Marine Diesel Oil (MDO) is a type of fuel oil and is a blend of gasoil and heavy fuel oil, with more gasoil than intermediate fuel oil used in the maritime field. Marine Diesel Oil is also called "Distillate Marine Diesel". MDO is widely used by medium speed and medium/high speed marine diesel engines. It is also used in the larger low speed and medium speed propulsion engine which normally burn residual fuel. Those fuels result from a catalytic cracking and visbreaking refinery. Marine diesel oil has been condemned for its nimiety of sulfur, so many countries and organizations established regulations and laws on MDO use. Due to its lower price compared to more refined fuel, MDO is favored particularly by shipping industry.

Specification
ISO 8217 of the International Standards Organization (ISO) is the primary standard of MDO. 
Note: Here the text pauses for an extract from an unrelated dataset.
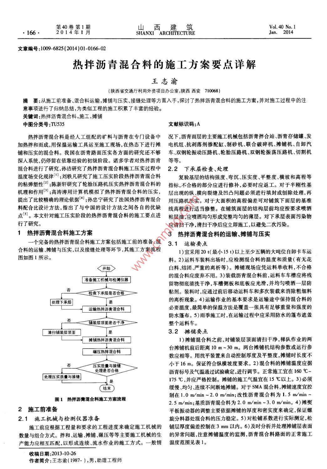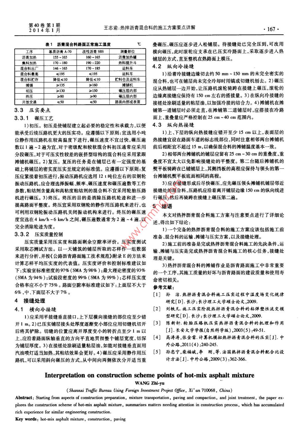 第40卷第1期山西建筑Vol. 40 No. 12014年1月SHANXI ARCHTTECTUREJan.2014文章編號:1009-6825 (2014 )01 -0166-02熱拌瀝青混合料的施工方案要點詳解王志渝(陜西省交通廳利用外資項目辦公室,陜西西安710068)摘要:從施工前準備、混合料運輸,攤鋪與壓實、接縫處理等方面入手,探討了熱拌瀝青混合料的施工方案,并對施工過程中的注意事項進行了歸納總結,為類似工程的施工積累了豐富的經(jīng)驗。關鍵詞:熱拌瀝青混合料,施工,攤鋪中圖分類號:TU535文獻標識碼:A,熱拌瀝青混合料是經(jīng)人工組配的礦料與瀝青在專門設備中況 下,瀝青面層的主要施工機械包括瀝青拌合站、瀝青存儲罐、發(fā)加熱拌和而成,用保溫運輸工具運至施工現(xiàn)場,在熱態(tài)下進行攤電機組抗剝落劑摻配缸、制砂機、聯(lián)合破碎機、攤鋪機、自卸汽鋪和壓實的混合料。我國在瀝青路面壓實各方面的研究還不夠車、雙鋼輪振動壓路機、輪胎壓路機雙鋼輪振蕩壓路機、切割機深人系統(tǒng),仍停留在依靠經(jīng)驗的初級階段。諸多學者對熱拌瀝青等等?;旌狭线M行了研究,孫潔研究了熱拌瀝青混合料施工壓實過程中2.2 下承層檢查、處理溫度場變化規(guī)律" ;劉軼凡研究了施工壓實階段熱拌瀝青混合料復驗基層的結構強度、彎沉、壓實度、平整度、橫坡和高程等的粘彈塑性[2]1 ;陳新軒研究了輪胎壓路機壓實熱拌瀝青混合料的指標,不合 格的部分應進行修補,必要時應返工。對于半剛性基機理和作用);高濤濤用計算機模擬了熱拌瀝青混合料的壓實,層出現(xiàn)的縱、橫向裂縫及凹凸問題必須進行填封或刨除處理,再提出了比較精確的理論依據(jù)141 ;孫忠寧研究了法國熱拌瀝青混合用壓路機壓實。 對于大面積的高程偏差可對鋪筑下面層的基準料配合比設計方法,指出了與中國的設計方法之間各自的優(yōu)缺線高程進行適當修整。在鋪筑面層的結構層前均應按要求噴酒點”。本文針對施工壓實階段的熱拌瀝青混合料的施工要點進粘層 油,應噴酒均勻形成完整均勻的薄層。對下承層表面污染物行了研究。應清掃千凈,清掃干凈后應立即施工,以避免二次污染。1熱拌瀝青混合料施工方案3熱拌瀝青混合料的運輸、攤鋪與壓實-個完備的熱拌瀝青混合料施工方案包括施工前的準備、混3.1 運輸要點合料的運輸、攤鋪與壓實,以及接縫處理等環(huán)節(jié),其施工方案流程1)宜采用20 "(最小15 )以上至少五輛的大噸位自卸卡車運圖如圖1所示。料。2)運料車裝料出場時,應檢測混合料的溫度和質(zhì)量(有無花<開始>白料、結團、嚴重的離析等)。攤鋪現(xiàn)場應憑運料單收料,不合格的混合料應廢棄不用。3)裝載瀝青混合料前,運料車車槽應將殘C準備施工機械與檢測儀器留物徹底清洗干凈,車槽側板和底板應光滑,并均勻噴灑--層防否檢查下承層是否合格>粘劑。裝料時,應通過前后移動運料車和多次裝載來消除粗細料的離析現(xiàn)象。4)運輸作業(yè)的基本要求是運輸途中保持混合料的處理下承層。是運輸熱拌瀝青混合料必要溫度,最簡單的保溫方法是覆蓋一張具有 足夠重量和強度的防水篷布。5)雨季施工時,在運輸過程中應采用防水的篷布遮蓋鋪裝層頂面是否干凈>整個運料車。C清掃鋪裝層頂面門]是3.2 攤鋪要點攤鋪熱拌瀝青混合料1)攤鋪混合料之前,對鋪裝層頂面清掃干凈,梯隊作業(yè)的兩臺攤鋪機前后距離10 m~30 m。兩臺攤鋪機結構參數(shù)或運行參碾壓熱拌混合料.數(shù)應相等。用找平裝置來自動控制厚度及平整度,攤鋪時長度不壓實質(zhì)量與接縫小于16m。保證符合縱橫坡度要求。2)混合料的攤鋪溫度應據(jù), 處理是否合格瀝青標號及氣溫通過試驗確定,進行調(diào)節(jié)。正常施工宜在160 C-[處理壓實質(zhì)與接縫175 C ,并應嚴格控制。攤鋪的施工氣溫宜在15 C以上。3)必須(結束)緩慢、均勻、連續(xù)不間斷地攤鋪。對于SMA混合料,攤鋪速度宜控制在1.0 m/min~2. 0 m/min;改性瀝青混合料為1.5 m/min ~圖1熱拌瀝青混合料施工方案流程2.5 m/min;基質(zhì)瀝青混合料為2.0 m/min ~3.0 m/min。4)攤熨2施工前準備平板振動器的調(diào)整主要依據(jù)攤鋪的厚度和密實度來確定,保證螺2.1施工機械與檢測儀器準備旋分料器處混合料的壓力穩(wěn)定。5)對松鋪系數(shù)進行實際測定,松施工前應根據(jù)工程量和要求的工程進度來確定施工機械的鋪層厚度偏差控制在3mm以內(nèi)。6)及時分析并處理攤鋪層表面數(shù)量與組合方式。拌和運輸、攤鋪碾壓等等主要施工機械的生的異常問題,注意攤鋪溫度的監(jiān)測,瀝青混合料路面的正常施工產(chǎn)能力應相互匹配,以形成連續(xù)、流水作業(yè)的施工方式。一般情溫度范圍見表 1。收稿日期:2013-10-26作者簡介:王志渝(1987- ),男,助理工程師第40卷第1期2014年1月王志渝:熱拌瀝青混合料的施工方案要點詳解●167●表1瀝青混合料路面正常施工溫度疊碾壓,碾壓應逐步進入松鋪層。待接縫處已完全壓到,可改用基質(zhì)瀝青A-70改性瀝青SBS測量部位.橫向碾壓,此時滾輪應支承在已壓實冷路面上,采取逐步進入熱瀝青加熱155 -165160-165瀝青加熱罐鋪層的方式,直至整機在熱路面上橫壓。集料加熱170 ~ 180190 220熱料提升斗4.2縱向冷接縫混合料出廠146- 165170-185運料車混合料最高≤1951)沿著冷接縫邊緣切去約50 mm ~ 150 mm的未完全密實的混合料貯存降低≤10貯料倉及運料車混合料,也

Marine fuels range in viscosity from less than one centistoke (cSt) to about 700 cSt at 50°C (122°F). (1 cSt = 1 mm2/s.) And higher viscosity grades are preheated during use to bring their viscosity into the range suitable for fuel injection (8 to 27 cSt).  But MDO does not need to be preheated before using. According to Chevron, MDO has a sulfur limit varies from 1 to 4.5 percent by mass for different grades and Sulfur Emission Control Areas (SECAs).

Manufacturing procedure
MDO is made from a catalytic cracking and visbreaking refinery. The catalytic cracking operation breaks large molecules into small molecules. It happens in high temperature and with appropriate catalyst. 
Visbreaking is a process that turn the bottom product of the vacuum unit, which has extremely high viscosity, into lower viscosity, marketable product. In visbreaking, a relatively mild thermal cracking operation is performed. And the amount of cracking is limited by the overruling requirement to safeguard the heavy fuel stability.

Use
The market of MDO is much smaller than on-highway diesel. According to the a 2004 U.S. Diesel Fuel Sales statistics from U.S. Department of Energy, Energy Information Administration, Marine shipping only takes 3.7% of total diesel market. On the other hand, On-highway diesel takes up 59.5% of diesel fuel sales. This small sales share of MDO is due to the high proportion of petroleum resid that made it can be used on large marine engines. According to Chevron, petroleum resid, or inorganic salts, in the fuel result in injector tip deposits that prevent the injector from creating the desired fuel spray pattern. But those low-speed, large marine diesel engines are appropriate for using fuel containing large amounts of petroleum resid.

Regulations and restrictions
The International Maritime Organization (IMO) develops regulations for marine shipping. Among those regulations, MARPOL (the International Convention for the Prevention of Pollution from Ships) is the most widely adopted one.   MARPOL is the main international convention covering the prevention of operational or accidental pollution of the marine environment by ships.  Inside IMO, there is a committee called MEPC(Marine Environment Protection Committee). MEPC has meetings periodically and discuss resolutions to current marine pollution by adding amendments to its official documents.